Second example is very good.
Great video!
Redundant docs just clutter up the code unless you are making a library api
Brilliant:)
I think you took the short function names too far. Based on the name `get_time`, I expect the *time* and not a string. I’d do `get_time_locale` or something, even with the return type.
also and/or emphasis on what you did:
1) one point of return (if you must have branches)
2) don't have branches (except for guard clauses)
3) Use guard clauses: raise exceptions early.
Most important:
Be pure:
No side-effects. Don't modify arguments! e.g.:
>>>sorted(list_)
returns a sorted list w/o modifying the argument. Modify objects only in their one methods:
>>>list_.sort()
and don't have a state: same arguments means same result (rand and date time notwithstanding).
what vs code extensions are you using? thanks
He is using Pycharm, not VS Code.
about the type annotations;
i think they're use- and surely helpful BUT, for me as a not very experienced coder who's still figuring out how to do stuff the best way and which techniques are available, and whilst discovering new modules and their functionalities, it can be somewhat distracting to already start using type annotations as much as possible, so my take at it is to use them as long as it stays simple, so to at least get used to them for now and to have a base to build up on later, specially once my scripts start to become bigger. same for docstrings btw..
Which IDE are you using?
I don't like calling fractions "percents"; that is a source of self-documenting error or ambiguity.
your first tip of not naming things thoroughly is definitely just an opinion, and arguably a bad one.
comment
Error handling is ok basically, but your example so overloaded
Use Python because it it quick and pithy. Once you start adding in this pseudo-typing, error handling and extensive documentation you lose that, and it is a sign that you should be choosing a different language. Right tool for the job.

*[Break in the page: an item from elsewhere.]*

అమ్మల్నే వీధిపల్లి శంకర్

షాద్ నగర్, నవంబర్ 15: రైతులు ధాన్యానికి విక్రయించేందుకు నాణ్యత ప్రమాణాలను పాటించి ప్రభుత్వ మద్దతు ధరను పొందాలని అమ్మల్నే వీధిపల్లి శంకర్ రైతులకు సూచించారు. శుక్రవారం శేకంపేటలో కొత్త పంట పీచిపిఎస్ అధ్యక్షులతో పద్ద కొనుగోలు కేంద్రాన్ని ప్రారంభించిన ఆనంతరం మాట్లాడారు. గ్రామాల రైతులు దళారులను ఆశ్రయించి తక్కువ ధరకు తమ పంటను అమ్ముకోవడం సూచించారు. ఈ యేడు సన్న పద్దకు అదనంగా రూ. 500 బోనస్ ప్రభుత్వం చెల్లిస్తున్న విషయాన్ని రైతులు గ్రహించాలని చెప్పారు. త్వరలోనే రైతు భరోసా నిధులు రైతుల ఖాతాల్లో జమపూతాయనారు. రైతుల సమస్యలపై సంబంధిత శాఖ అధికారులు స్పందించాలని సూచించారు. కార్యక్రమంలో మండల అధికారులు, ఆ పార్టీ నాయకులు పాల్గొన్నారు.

This is not true. Documentation and error handling is a crucial part of any software, whether it's statically typed or dynamically typed.

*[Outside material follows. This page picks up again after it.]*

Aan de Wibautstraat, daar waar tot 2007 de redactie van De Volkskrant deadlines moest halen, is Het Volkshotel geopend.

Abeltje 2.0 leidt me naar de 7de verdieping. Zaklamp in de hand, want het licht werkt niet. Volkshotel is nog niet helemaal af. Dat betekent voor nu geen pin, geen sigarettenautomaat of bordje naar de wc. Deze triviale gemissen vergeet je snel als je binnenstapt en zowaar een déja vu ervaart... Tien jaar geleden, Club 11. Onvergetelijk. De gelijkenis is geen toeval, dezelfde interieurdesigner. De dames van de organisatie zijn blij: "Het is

@@michealakinkuotu8637 but LBYL type checking?
@@DrDeuteron Look before you leap is not left out of the discussion in terms of error handling. While LBYL can be redundant or expensive in terms of performance, it doesn't nullify the fact that if done correctly, it gives you a "safer code" and in some cases, a much cleaner or clearer error handling through provision of meaningful feedback.
@@michealakinkuotu8637 I get the POV, but that gets back to OP's point: this is python: Lighten up!

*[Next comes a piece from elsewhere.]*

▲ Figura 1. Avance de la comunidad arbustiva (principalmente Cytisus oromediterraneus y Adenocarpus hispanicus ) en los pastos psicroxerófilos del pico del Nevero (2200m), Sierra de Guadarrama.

The only place I allow branchy code is in error handling. When everything is working, I want minimal cyclomatic complexity.
I do find the excessive hints annoying, the worst is type hinting strongly typed magic methods, like:
init(self) -> None:
str(self) -> str:
I just can't....
The G you pronounce at the end of words (due to accent) is easy to fix... it's silent, simply do not say it! And bingo, your pronounce will get even better!
I can't hear the G you talked about?
If your functions is simple enough and had a proper name, a documentation is not needed. Besides keeping documentation up to date double your work load (rewrite the doc, update the example,... every time you refactor) Most IDE can infer input and output so that's a complete waste of time. Documentation is only useful in a library and only for exposed methods.
For the function name I would say:
1. As short as possible, but as long as needed.
And if the name is too long, then the function might need to be divided.
Otherwise LGTM !
I agree. If my func/method is getting to be more than a screen (and I use a big screen) or around 50 lines (incl copious whitespace), I refactor. Even if it's a helper method used once, with a leading '_' ( to make it "Python Private(tm)").